Дождь все шел и шел. Когда виноград весь был съеден, Рэйко, как обычно, закурила, достала из-под кровати гитару и начала музицировать. Она сыграла «Desafinado» и «The Girls From Ipanema», затем исполнила мелодии Бакарака (Burt Bacharach) и Леннона с Маккартни.

Мы с Рэйко опять пили вино, а когда кончилось вино, распили остатки брэнди из фляги. Было приятно болтать обо всем подряд. думалось, что хорошо, если бы дождь шел вот так всегда.

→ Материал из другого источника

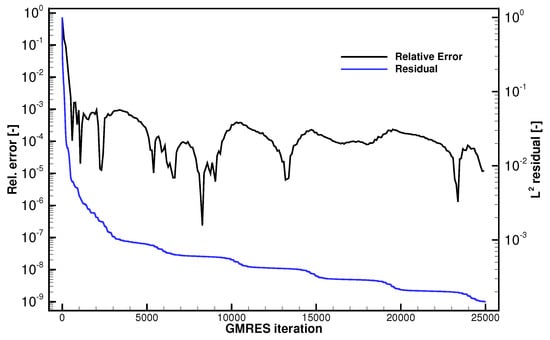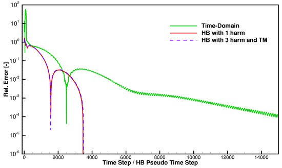 In Figure 11, the convergence of the relative error, again based on current and final values, are plotted for the nonlinear methods. To achieve values within a tolerance of , it took about 3500 pseudo time steps for the harmonic balance setups, whereas the time-domain solver had to be run for about 80 periods. This corresponded to about for the time-domain simulations, compared to for the HB simulation with one higher harmonic and for the HB setup with three harmonics and higher harmonics for the turbulence model. For the interblade phase angle, the linear solver took roughly . It should be noted that in practice a significantly higher error tolerance which would result in smaller CPU times may be acceptable.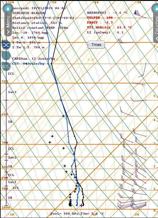 Enfin, le brouillard n'est pas un enjeu pour cette manche et les participants l'ont bien compris, au vu du passage du front froid pendant la nuit. Selon Arome, à 06TU le profil sur Toulouse-Blagnac est encore saturé à plusieurs niveaux, et la masse d'air est relativement sèche au niveau du sol.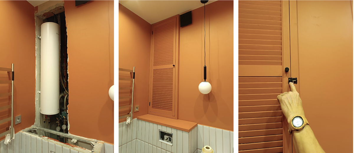 Комплектация квартиры - это не только закупка и расстановка мебели. Часто приходится попутно решать разные технические задачи. Например, как в этом случае: клиентка попросила придумать простое и относительно недорогое решение, как закрыть техническую нишу с бойлером и счетчиками в ванной. А заодно и инсталляцию. При этом и к нише, и к инсталляции нужно было сохранить доступ. Да, и если мы еще не знакомы: меня зовут Лена Володина, я профессионально занимаюсь инвест-ремонтами и комплектацией квартир под сдачу, а потом зачастую помогаю клиентам их выгодно сдать. Более оперативно о своих объектах рассказываю в своем телеграм-канале "Пока меня не было" Я сразу же написала Денису - он делает реечные экраны под ванную и шкафы с реечными дверками. Но Денис, как назло, оказался в отпуске. Пришлось создавать задачу на Юду. Мастер приехал на замер, предложил конструкцию и уехал в Лемана про - покупать дверцу и краску по дереву, чтобы заколеровать ее в цвет стен. И несколько дней спустя смонтирова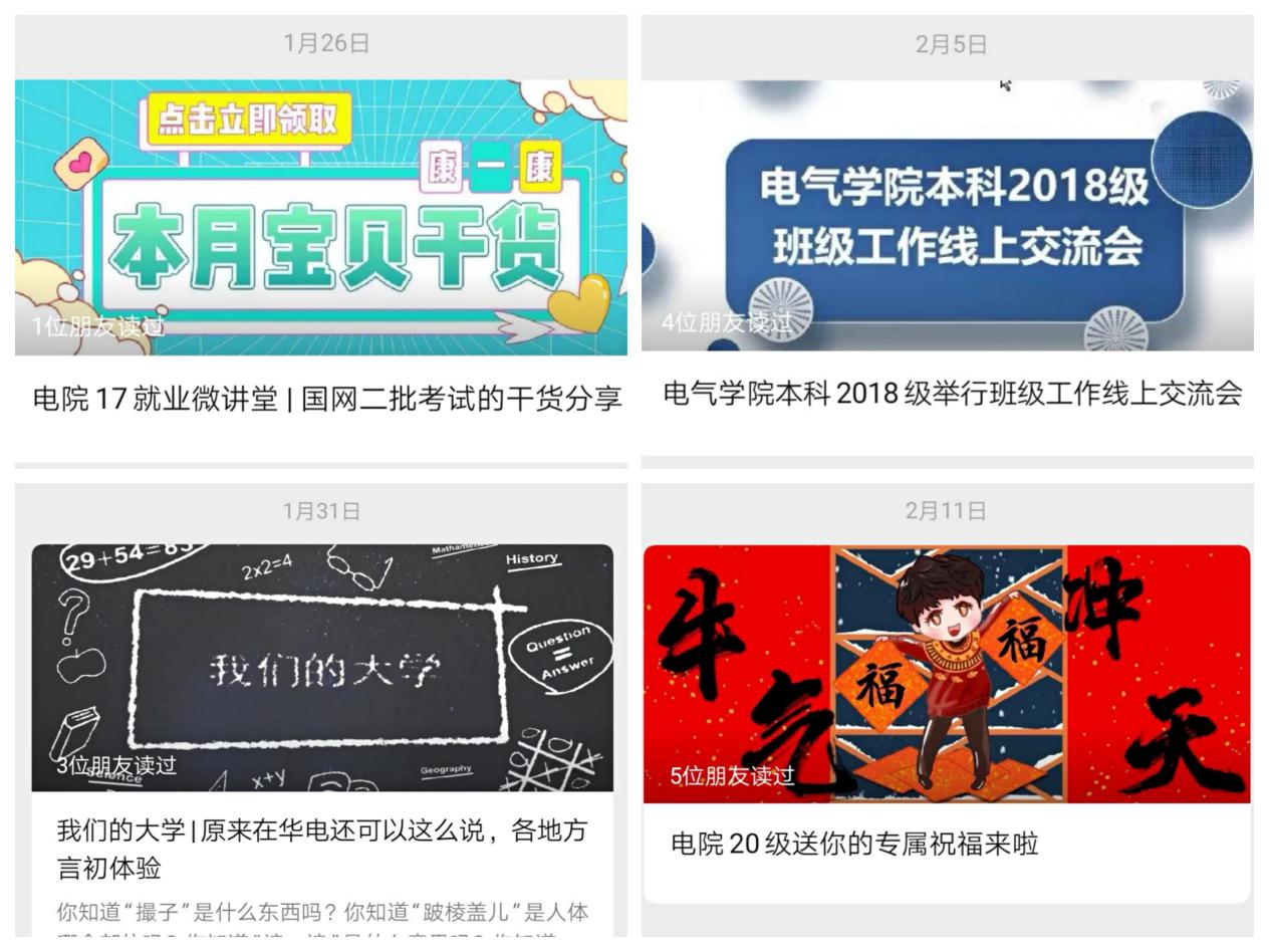 以年级和班级为单位,积极利用网络平台为同学提供服务和帮助,组织开展各类线上活动。本科2017级利用年级公众号,推出“电院17就业微讲堂”系列主题推送,邀请经验丰富的同学为大家分享备考国网、就业签约等相关经历,帮助学生更好地了解招聘信息和掌握求职技能;本科2018级举行班级工作线上交流会,辅导员、年级长、班长和团支书参会,各班充分总结了上学期各项工作,分享了工作经验,促进了班级之间互学互鉴,为下一学期的班级管理和建设打下更加坚实基础。本科2020级公众号开展了一系列趣味线上活动,如:春节vlog录制活动、各地方言体验活动等,给2020级的同学带来了一个充实丰富的寒假,加强同学互动交流,帮助同学更好地融入华电。

— Еще приедешь когда-нибудь? — спросила Наоко, глядя мне в лицо.

— Конечно, приеду, — ответил я.

— И письма писать будешь?

— Угу, каждую неделю писать буду.

— Может, и мне напишешь? — сказала Рэйко.

— Ладно, напишу с удовольствием, — сказал я.

В одиннадцать часов Рэйко, как и вчера, разложила для меня диван. Мы пожелали друг другу спокойной ночи и разошлись по постелям.

Мне не спалось, и я достал из рюкзака карманный фонарик и «Волшебную гору» и стал читать.

Около двенадцати дверь спальни тихо отворилась, ко мне подошла Наоко и заползла мне под бок. В отличие от вчерашней ночи, это была самая обычная Наоко. Глаза ее не были затуманенными, и вела она себя вполне раскованно.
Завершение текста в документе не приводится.